→ **Task statement**: Beneath this line sits some data. Return only its lines from the one holding "Vestido midi de" through the one holding "位于中國—上海合作組織地方經(jīng)貿合作示范區的青島·上合之珠國際博覽中心一景(5月22日攝)。新華社記者 李紫恒 攝", inclusive, exactly, with the images removed.

──────── Records shown

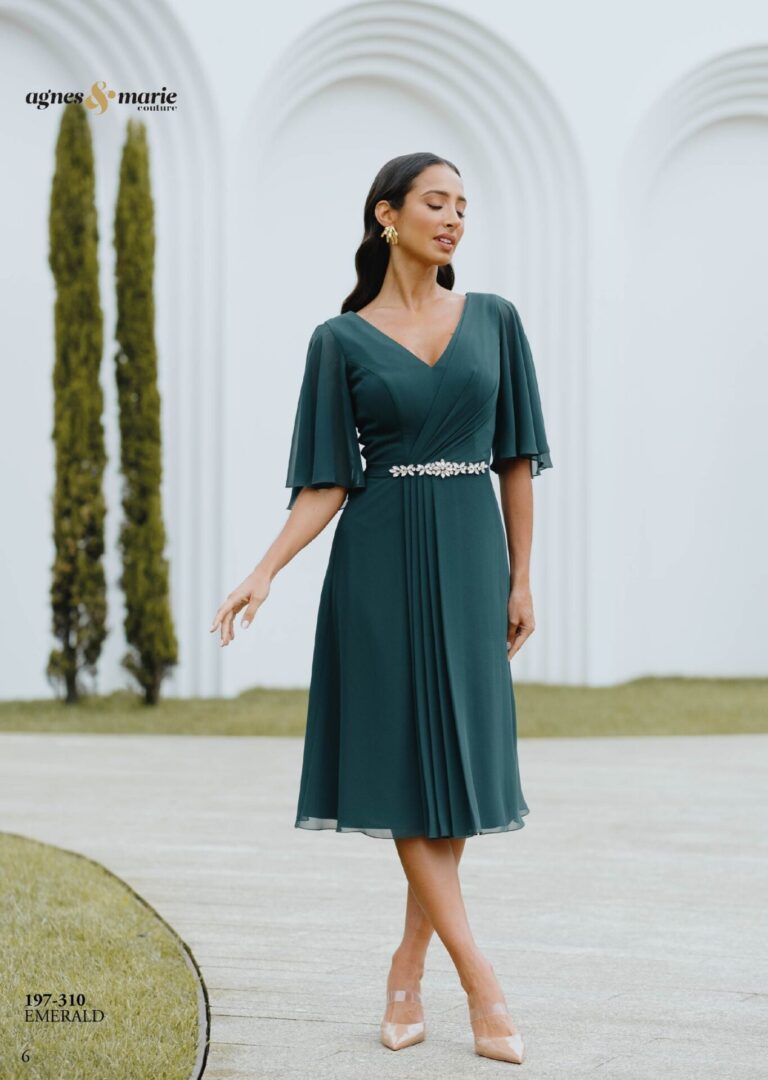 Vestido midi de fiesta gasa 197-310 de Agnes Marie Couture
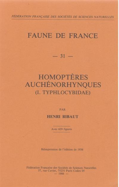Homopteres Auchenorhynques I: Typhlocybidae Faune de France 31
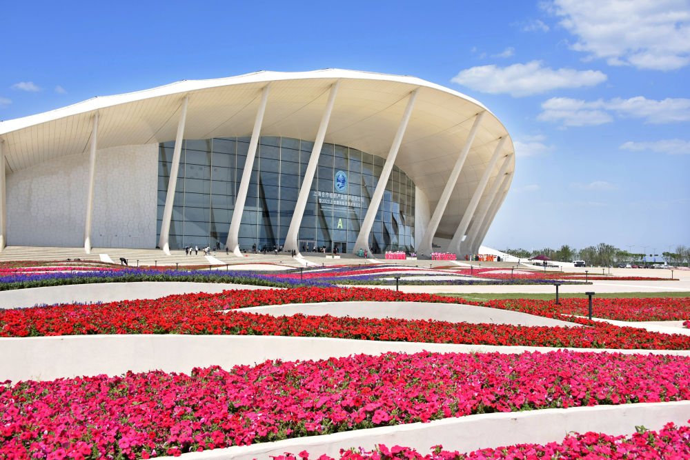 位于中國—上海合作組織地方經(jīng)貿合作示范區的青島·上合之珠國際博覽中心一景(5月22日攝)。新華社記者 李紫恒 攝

────────────────
──────── Records shown

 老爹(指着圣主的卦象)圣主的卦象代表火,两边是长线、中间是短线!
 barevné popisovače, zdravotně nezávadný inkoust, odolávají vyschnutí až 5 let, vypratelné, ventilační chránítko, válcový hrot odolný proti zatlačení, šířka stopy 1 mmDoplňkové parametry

────────────────

→ **Exercise answer**:
 Vestido midi de fiesta gasa 197-310 de Agnes Marie Couture
Homopteres Auchenorhynques I: Typhlocybidae Faune de France 31
 位于中國—上海合作組織地方經(jīng)貿合作示范區的青島·上合之珠國際博覽中心一景(5月22日攝)。新華社記者 李紫恒 攝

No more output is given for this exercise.